Split dose versus single bolus gadolinium administration in ecv calculation at 3 tesla cmr

Diffuse myocardial fibrosis may be quantified with cardiovascular magnetic resonance (CMR) by calculating extra-cellular volume (ECV) from native and post-contrast T1 values. Previous studies have used either infusion or single bolus contrast administration. In clinical practice however split dose contrast injection is used as part of a stress/rest protocol in stress perfusion studies. The effects of using such an injection regime on ECV calculation is unknown.

This study aimed to assess the effects of split dose versus single bolus contrast administration on ECV calculation.

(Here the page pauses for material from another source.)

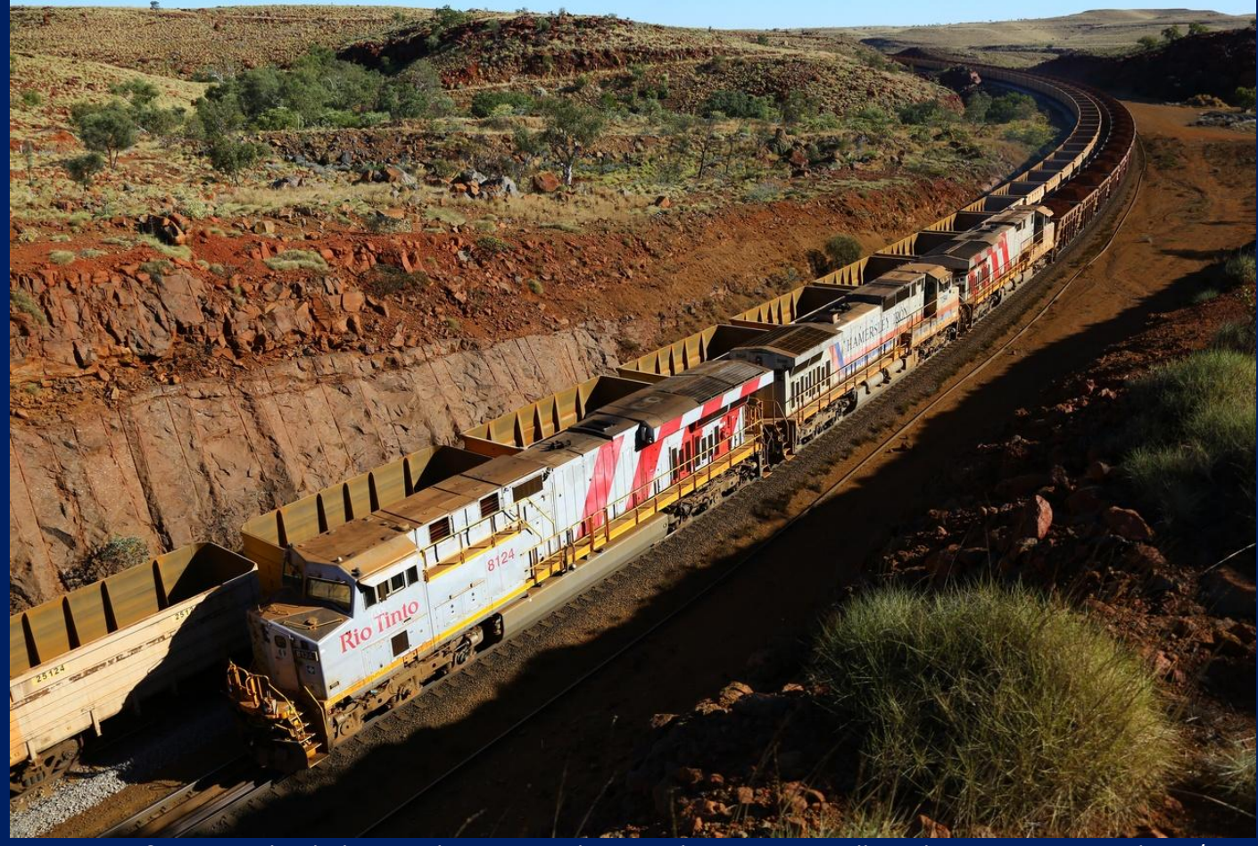
8124, 7094 & 8186 on loaded ore in dynamic on downgrade at Benson Falls with empty on upgrade 28/7.

Ten healthy volunteers were studied on a 3.0 Tesla (Philips Achieva TX) MR system and underwent three separate CMR studies over a mean of 30 days. In one study, contrast was administered as a single bolus (Gadovist 0.15mmol/kg). In two further CMR studies, contrast was given in two boluses (0.075mmol/kg per bolus) as part of an adenosine stress/rest perfusion protocol, separated by 12 minutes. T1 maps were acquired pre contrast and 15 minutes following the single bolus or second contrast injection. T1 measurements were made in the inter-ventricular septum. Means and standard deviations were compared between MOLLI T1 estimates and ECV calculated.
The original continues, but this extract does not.